The educator selects or creates a simulation designed to help students develop empathy. The educator facilitates student participation in the simulation and engages students in a reflective debrief of the experience.
A simulation is an instructional practice that engages students in a role-playing scenario. Each student takes on a given role, and together they participate in a simulated real-world event or activity. Simulations do not need to be complicated, but every student should have a role and the opportunity to participate in a sustained role-playing experience.
Simulations can be used to introduce a topic or launch a unit of study. For example, a study of immigration might begin with a simulation of the immigration process experienced by the millions of people who came through Ellis Island during its peak years. Roles could include immigration officers, doctors, legal inspectors, a currency exchange teller, ferry boat captain, and railroad ticket seller as well as individual immigrants, all with specific character profiles for students to inhabit. As another example, a landmine simulation could be used to introduce the global issue of landmines. Students would walk across a designated area and enact an assigned role of being injured, killed, or surviving to bring landmine statistics to life.
Simulations also work well as culminating experiences, challenging students to apply their learning in a meaningful context. For example, in a courtroom simulation students would play the roles of plaintiff, defendant, attorneys, witnesses, judge, and jury. Another example is a task force simulation where students take on the perspectives of different stakeholders coming together to discuss a significant issue or solve a problem.
Creating a classroom environment where diverse perspectives—especially those that are significantly different from the students’ own—are valued and integrated into the learning experience helps students develop empathy. Simulations give students the opportunity to take on the role of another person and embody a perspective different from their own, which helps them understand the thoughts, feelings, and motivations of others. Putting themselves in another person’s shoes, imagining what it would be like to experience the situation from that person’s perspective, and acting on those imagined thoughts and feelings helps students develop greater empathy.

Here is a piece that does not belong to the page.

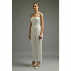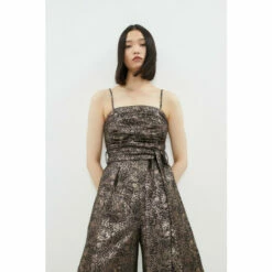 Coast Metallic Jacquard Pleat Bodice Wide Leg Jumpsuit For Female

Simulations also require students to engage in collaboration and problem-solving, working together with students from various cultural backgrounds and learning about each other’s cultural norms in the process.
Empathy is a critical component of global competence (see the Resources section for more information). The ability to empathize with the thoughts, feelings, and perspectives of others is key to effective communication and collaboration. Given the complexities of life in a globalized society, where local actions have a global impact and the challenges we face can only be solved through cooperative action, empathy guides us to communicate and collaborate from a place of greater understanding and respect, for the good of all (see the Start Empathy Toolkit in the Resources section).
Classroom simulations are a best-practice pedagogical strategy that involve active, student-centered, and collaborative learning (Zemelman, Daniels, and Hyde, 2005). As an example of project-based learning and assessment, simulations are highly motivating and engaging for students (Khattri, Kane, and Reeve, 1995).
A simulation is an authentic instructional method that engages students in the construction of knowledge (Newmann and Wehlage, 1993; Newmann, King, and Carmichael, 2007). Simulations provide an authentic learning environment where students are able to “explore, squareuss, and meaningfully construct concepts and relationships in contexts that involve real-world problems and projects that are relevant to the learner” (Bransford, Brown, and Cocking, 1999). Simulations have been shown to have a positive effect on student learning and achievement (Hattie, 2009). They have also been shown to foster greater global citizenship in terms of cross-cultural understanding and awareness, responsibility for world problems, and trust in the international system (Myers, 2012).
Global competence refers to the knowledge, skills, and dispositions individuals need to be successful in today’s interconnected world and to be fully engaged in and act on issues of global significance. The Global Competence Task Force defined globally competent individuals as “those who use their knowledge and skills to investigate the world beyond their immediate environment, recognize their own and others’ perspectives, communicate their ideas effectively with diverse audiences, and translate their ideas into appropriate actions” (see link below).
The items in this following section detail what must be submitted for evaluation. To earn this micro-credential, you must receive a passing evaluation for Parts 1 and 3 and a “Yes” for Part 2.
(500-word limit total):
Please submit a video or audio recording of students participating in the reflective debrief after the simulation (maximum length: three minutes) OR written reflections from three to five different students that demonstrate how your implementation of the simulation helped students develop greater empathy (maximum length: three pages).